● Task objective: A verbatim copy of the data is wanted, minus any picture in it.

═════ Material to process ═════

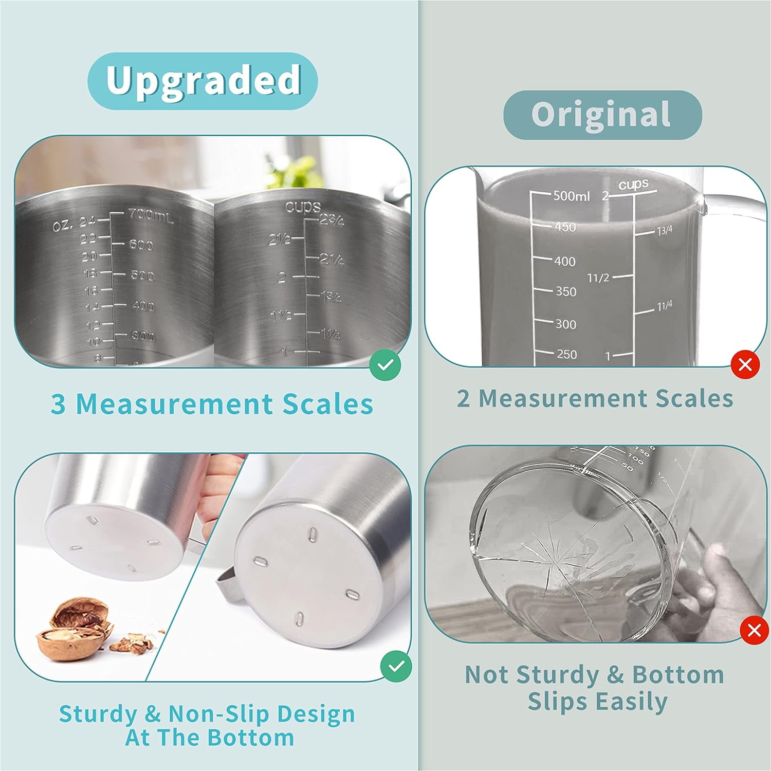 Upgraded Stainless Steel Measuring Cup with Triple Scales for Precise Cooking and Baking – 24oz (3 Cup) Set of 2
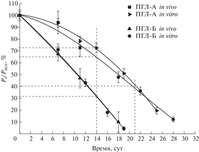 Как следует из рис. 1, кривые снижения прочности нитей ПГЛ-Б in vivo и in vitro совпадают полностью, у нитей ПГЛ-А ‒ в пределах доверительных интервалов, поэтому для нитей каждого из производителей были построены обобщенные графики изменения прочностных характеристик in vivo и in vitro (рис. 2), описываемые полиномом 2-й степени и уравнениями регрессии (1) и (2):
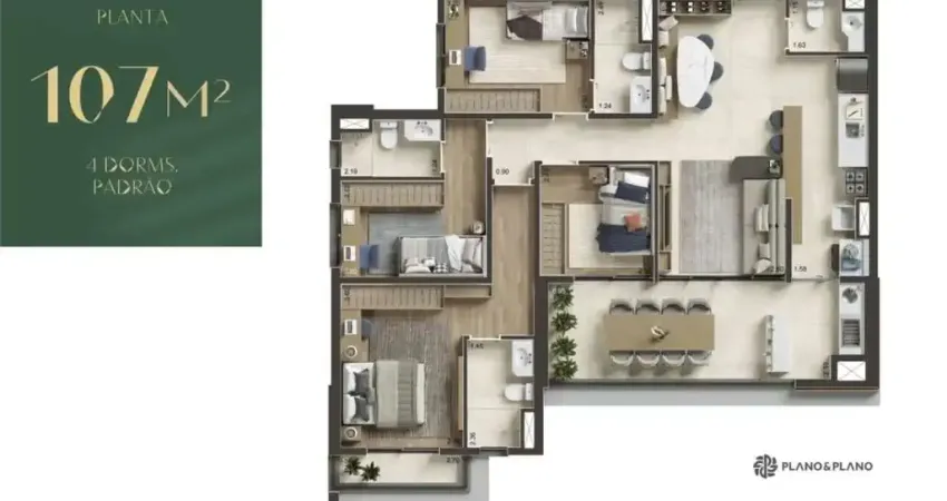 - Área de 107m²
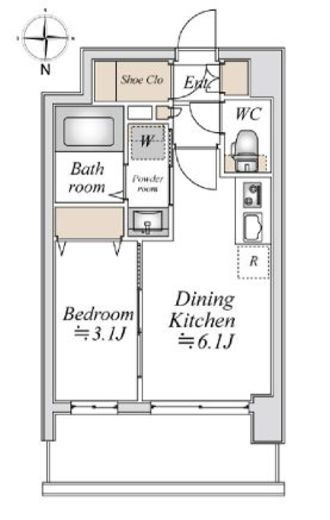 | 間取り | 1DK | 専有面積 | 25.36m2 |
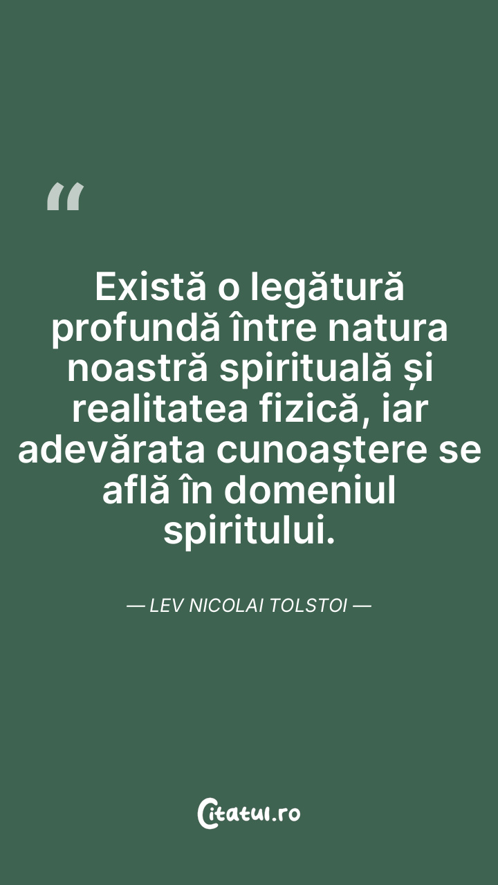 Există o legătură profundă între natura noastră spirituală și realitatea fizică, iar adevărata cunoaștere se află în domeniul spiritului. Lev Nicolai Tolstoi
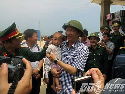 | Ông Nguyễn Văn Đọc - Bí thư Tỉnh ủy Quảng Ninh (người bế cháu bé) ra thăm, kiểm tra công tác xây dựng nhà ở cho 30 hộ dân đầu tiên lập nghiệp trên đảo Trần, nằm ở vị trí tiền tiêu vùng Đông Bắc Tổ quốc, thuộc huyện Cô Tô, hồi tháng 9/2014 - Ảnh MK. |
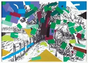Fangor swoje rysunki, początkowo te, które zostały po czterdziestu latach odnalezione, później także szkice i rysunki powstałe w latach dziewięćdziesiątych, ogląda na nowo z perspektywy tych minionych lat [...]W rękach osiemdziesięcioletniego artysty znalazły się rysunki trzydziestolatka, autorzy są bardzo sobie bliscy, ale dzielą ich dziesięciolecia i to wszystko, czego w tym czasie można było doświadczyć. Fangor jest zbyt mało sentymentalny i zbyt kreatywny, by rzeczy zostawić samym sobie. Skoro dystans tych kilku dziesięcioleci jest ewidentny, zatem trzeba go wykorzystać. Artysta postanowił zrobić to w ten sposób, że rysunki, krok po kroku, pozbawiał podmiotowości związanej z oryginalnością i unikalnością. Najpierw je sfotografował, po zeskanowaniu, w nowej skali wydrukował. Początkowo wydruki były na papierze przyklejanym do pianki poliuretanowej, w ostatniej serii obrazów artysta zdecydował się drukować wprost na płótnie. [...] Zerwano z rysunkiem, pojawiło się coś bliższego szablonowi, raczej negatywowi szablonu – w każdym bądź razie podstawą, kanwą obrazu, stało się niezupełnie czyste płótno. Fakt ten sprzyja kojarzeniu procesu powstawania tych obrazów z technikami znanymi skądinąd, tak przygotowana kanwa staje się przesłanką i ramą zarazem, wyzwaniem i ograniczeniem, scenariuszem i przestrzenią, w której [...] powstaje obraz, wynurza się z nakładanych na siebie geometryzowanych środków wyrazu i barwnych plam, przyklejanych kawałków kolorowego papieru i pociągnięć pędzla. Ścierają się tu ze sobą stare i nowe, organiczne i geometryczne, gotowe i tworzone, to, co pod z tym, co nad, wzmacniając i znosząc się nawzajem. [...]
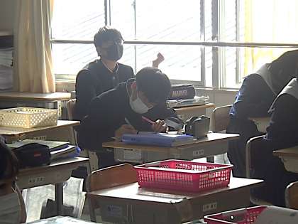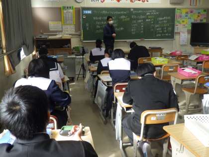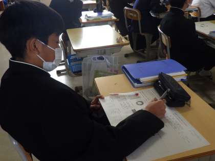 「アマゾンの開発はどのようにして行われてきたのか」を課題に、学習に取り組んでいました。教科担任が用意した学習プリントに黒板の内容だけでなく、話している内容もメモしていっています。目で見て、耳でよく聞いて授業に臨んでいる様子が伝わってきました。
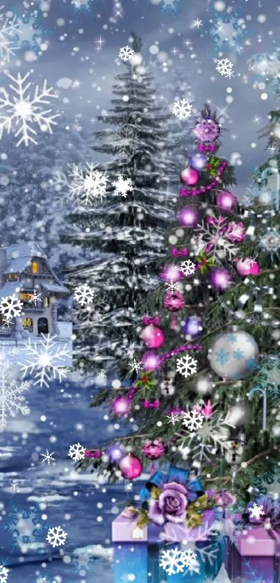 Enjoy this festive mobile wallpaper featuring a decorated Christmas tree surrounded by snow, vibrant ornaments, and a cozy cabin, perfect for adding a touch of holiday spirit to your phone

═════

● Your response:
 Upgraded Stainless Steel Measuring Cup with Triple Scales for Precise Cooking and Baking – 24oz (3 Cup) Set of 2
 Как следует из рис. 1, кривые снижения прочности нитей ПГЛ-Б in vivo и in vitro совпадают полностью, у нитей ПГЛ-А ‒ в пределах доверительных интервалов, поэтому для нитей каждого из производителей были построены обобщенные графики изменения прочностных характеристик in vivo и in vitro (рис. 2), описываемые полиномом 2-й степени и уравнениями регрессии (1) и (2):
 - Área de 107m²
 | 間取り | 1DK | 専有面積 | 25.36m2 |
 Există o legătură profundă între natura noastră spirituală și realitatea fizică, iar adevărata cunoaștere se află în domeniul spiritului. Lev Nicolai Tolstoi
 | Ông Nguyễn Văn Đọc - Bí thư Tỉnh ủy Quảng Ninh (người bế cháu bé) ra thăm, kiểm tra công tác xây dựng nhà ở cho 30 hộ dân đầu tiên lập nghiệp trên đảo Trần, nằm ở vị trí tiền tiêu vùng Đông Bắc Tổ quốc, thuộc huyện Cô Tô, hồi tháng 9/2014 - Ảnh MK. |
Fangor swoje rysunki, początkowo te, które zostały po czterdziestu latach odnalezione, później także szkice i rysunki powstałe w latach dziewięćdziesiątych, ogląda na nowo z perspektywy tych minionych lat [...]W rękach osiemdziesięcioletniego artysty znalazły się rysunki trzydziestolatka, autorzy są bardzo sobie bliscy, ale dzielą ich dziesięciolecia i to wszystko, czego w tym czasie można było doświadczyć. Fangor jest zbyt mało sentymentalny i zbyt kreatywny, by rzeczy zostawić samym sobie. Skoro dystans tych kilku dziesięcioleci jest ewidentny, zatem trzeba go wykorzystać. Artysta postanowił zrobić to w ten sposób, że rysunki, krok po kroku, pozbawiał podmiotowości związanej z oryginalnością i unikalnością. Najpierw je sfotografował, po zeskanowaniu, w nowej skali wydrukował. Początkowo wydruki były na papierze przyklejanym do pianki poliuretanowej, w ostatniej serii obrazów artysta zdecydował się drukować wprost na płótnie. [...] Zerwano z rysunkiem, pojawiło się coś bliższego szablonowi, raczej negatywowi szablonu – w każdym bądź razie podstawą, kanwą obrazu, stało się niezupełnie czyste płótno. Fakt ten sprzyja kojarzeniu procesu powstawania tych obrazów z technikami znanymi skądinąd, tak przygotowana kanwa staje się przesłanką i ramą zarazem, wyzwaniem i ograniczeniem, scenariuszem i przestrzenią, w której [...] powstaje obraz, wynurza się z nakładanych na siebie geometryzowanych środków wyrazu i barwnych plam, przyklejanych kawałków kolorowego papieru i pociągnięć pędzla. Ścierają się tu ze sobą stare i nowe, organiczne i geometryczne, gotowe i tworzone, to, co pod z tym, co nad, wzmacniając i znosząc się nawzajem. [...]
 「アマゾンの開発はどのようにして行われてきたのか」を課題に、学習に取り組んでいました。教科担任が用意した学習プリントに黒板の内容だけでなく、話している内容もメモしていっています。目で見て、耳でよく聞いて授業に臨んでいる様子が伝わってきました。
 Enjoy this festive mobile wallpaper featuring a decorated Christmas tree surrounded by snow, vibrant ornaments, and a cozy cabin, perfect for adding a touch of holiday spirit to your phone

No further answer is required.